Title: Distinguishing Between Monosaccharides Using Infrared Spectroscopy: DFT Calculations on Glucose and its Epimers

Author
item BOSMA, WAYNE - BRADLEY UNIV/CHEM DEPT
item Schnupf, Udo
item Willett, Julious
item Momany, Frank

Submitted to: Midwest Theoretical Chemistry Conference
Publication Type: Abstract Only
Publication Acceptance Date: 6/1/2008
Publication Date: 6/28/2008
Citation: Bosma, W.B., Schnupf, U., Willett, J.L., Momany, F.A. 2008. Distinguishing Between Monosaccharides Using Infrared Spectroscopy: DFT Calculations on Glucose and its Epimers. Midwest Theoretical Chemistry Conference. xx.

Interpretive Summary:

Technical Abstract: Glucose and each of its seven epimers were geometry-optimized at the B3LYP/6-311++G** level of theory, both in vacuo and with the COSMO solvation method.
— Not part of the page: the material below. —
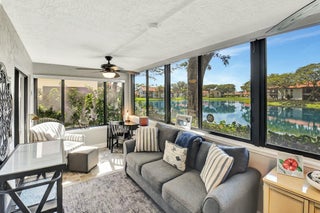 BREATHTAKING LAKE VIEWS. This exquisitely renovated 2-bedroom+den(optional 3rd bedroom) condo is a move-in-ready masterpiece, perfectly nestled in a breathtaking lakeside setting. The chef's kitchen is a true showstopper, boasting sleek shaker cabinetry, sparkling quartz countertops, and stainless steel appliances. The open-concept design flows effortlessly into the enclosed Florida room, where impact sliders and custom motorized blinds frame tranquil lake views. The expansive primary suite is your private oasis, featuring a walk-in closet, additional wall closet, and ensuite bath with dual vanities and elegant finishes. With full impact windows, designer upgrades, this stunning condo is more than just a home - It's a lifestyle!Property Features: *2 Bedrooms + Den/optional 3rd Bedroom - Versatile space for a home office or guest room *Fully Renovated & Move-In Ready - Stylish, modern updates throughout *Lakeside Location - Enjoy breathtaking water views *Luxury Flooring - Laminate & porcelain tile throughout *Chef's Kitchen - Shaker cabinetry, quartz countertops & stainless steel appliances *Enclosed Florida Room - Impact sliders & custom motorized blinds for serene lake views *Expansive Primary Suite - Walk-in closet, additional wall closet & spa-like ensuite bath *Double Vanities in Primary Bath - Elegant finishes for a luxurious touch *Multiple Outdoor Spaces - Florida room, front courtyard & side patio for ultimate relaxation *Full Impact Windows - Peace of mind with storm protection *Designer Upgrades - Modern elegance in every detail *Community Features: *Resort-Style Amenities *Full Facility Clubhouse *Auditorium *Heated Pool & Hot Tub *Tennis & Pickleball Courts *Fitness Classes *Billiards *Ping Pong *Bocce Ball *Library *Game Nights *Social Clubs & Activities: *Bridge Club *Book Club *Current Events Discussions *Pickleball *Tennis Club *Knitting & Craft Club *The "Dinner Out" Club *Social Club & Community Events Don't miss your chance to own this slice of paradise!

Several different conformations of each anomer were examined for every epimer, with all possible combinations of hydroxymethyl rotamers (gg, gt, or tg) and hydroxyl orientation (clockwise or counter-clockwise). The infrared spectra were calculated for several low-energy structures of each epimer, and the different conformer spectra were averaged with the appropriate weighting factors. It was found that the in vacuo epimers gave fairly distinct infrared spectra, which could, in principle, be used to distinguish them. The implicit solvent model caused some redshifting of the peaks relative to the vacuum structures, without causing much change to the nature of the vibrations themselves. By contrast, a glucose molecule complexed with five explicit water molecules showed an infrared spectrum that was very similar to the vacuum in the 900-1500 cm'1 region, but very different from the vacuum glucose in the OH stretch region. In addition, the nature of the vibrational motions responsible for the infrared peaks were altered considerably by the presence of the explicit water molecules.